Support Your Local Community Press
Pitching media and public relations go together like peanut butter and jelly.
Any client or company with a PR function understands that getting free (or “earned”) media coverage goes a long way in building reputation and awareness.
While media pitches brings to mind the big-wig names (who doesn’t want their pixellated image on the cover of the Wall Street Journal?), I’d like to pose a simple plea to PR folks everywhere: Support your local community press!
The next time you’re building a media pitch list or prepping for a significant media push for your client/company, consider if the information is also relevant to the local community press.
Why should you care about the community press?
Despite the popularity of digital media, people still read newspapers.
And even more comforting is the fact that people are still reading their local community newspapers.
A recent survey by the National Newspaper Association found that 73 percent of those surveyed read their local newspaper at least once a week. The NNA survey also found that those readers often share their paper with an average of three other people–talk about word of mouth.
There are also numerous ethnic community newspapers available throughout major metropolitan cities.

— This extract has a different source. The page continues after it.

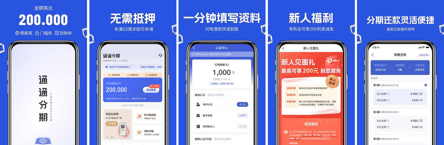 通通分期app是宁夏海胜通互联网小额贷款有限公司提供的一款信贷产品,通通分期团队利用人工智能和大数据风控技术,为用户提供方便、快捷、安全的借款服务。凭身份证+手机,即可快速申请借款。快速借款,APP线上申请无需面签和抵押。无论是应急借贷、旅游购物、教育培训、小额消费分期等,通通分期为你提供一站式借贷服务,快速、便捷、安全,降低金融交易成本,为用户提供方便、快捷、安全的借款服务。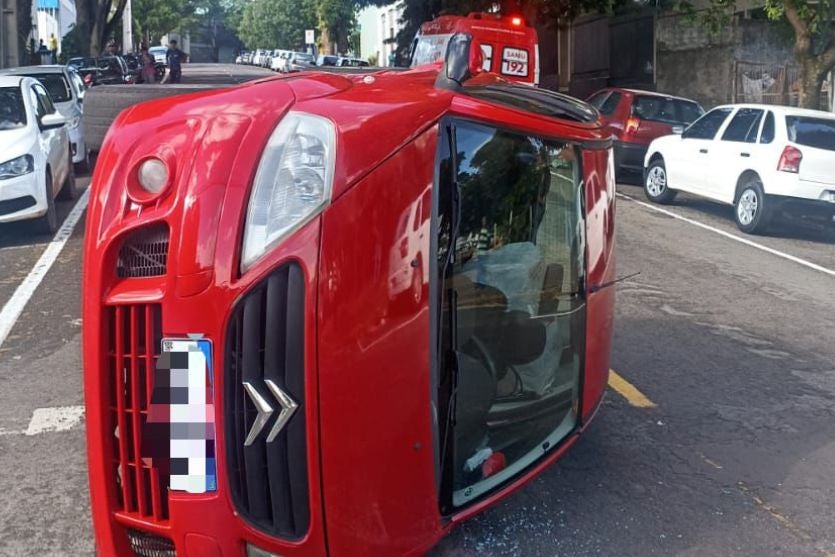 Trânsito 30/10/2025 às 20:02 Carro tomba após colisão e motorista sem CNH fica ferida no centro de Umuarama

Hispanic weekly and less than weekly newspapers have risen over the past couple of years, although the number of Hispanic daily newspapers has declined.
But despite the rosy picture, community newspapers are not without the strains to advertising dollars and declining circulation at the major press.
What does this mean for PR pros?
I admit I have a slight bias having worked at community newspapers in the past. I know these papers have a value to the neighborhoods and communities they cover.
But I believe it’s worth the exercise to consider community newspapers on your next media list if the information is relevant to a specific neighborhood or community issue.
I stress only if it’s relevant to the community you’re pitching because most community papers can’t be bothered with garbage that takes up their news or advertising space. They shouldn’t be treated as rinky-dink operations just because they only publish once a week.
To become familiar with the community’s interests, it helps if you obtain a copy of the community newspaper you’re considering and read its past coverage.
Also, when working with ethnic community papers, consider the cultural and linguistic barriers to reaching their audience. It helps to have a press release or event announcement already translated so their editors or reporters can more readily print it.
The end result, if you have a pitch that garners space in the community paper, is that you make a connection to their readers and thus, that community.
It’s not a magic bullet to your next media pitch plan, but exploring your options in the community press doesn’t hurt.
Community papers turn up on our doorsteps without subscription each week, offering a glimpse into the micro-local news scene.
I believe PR can do good work in supporting them with relevant community-geared information so that they, in turn, can continue to provide information at the door-to-door level.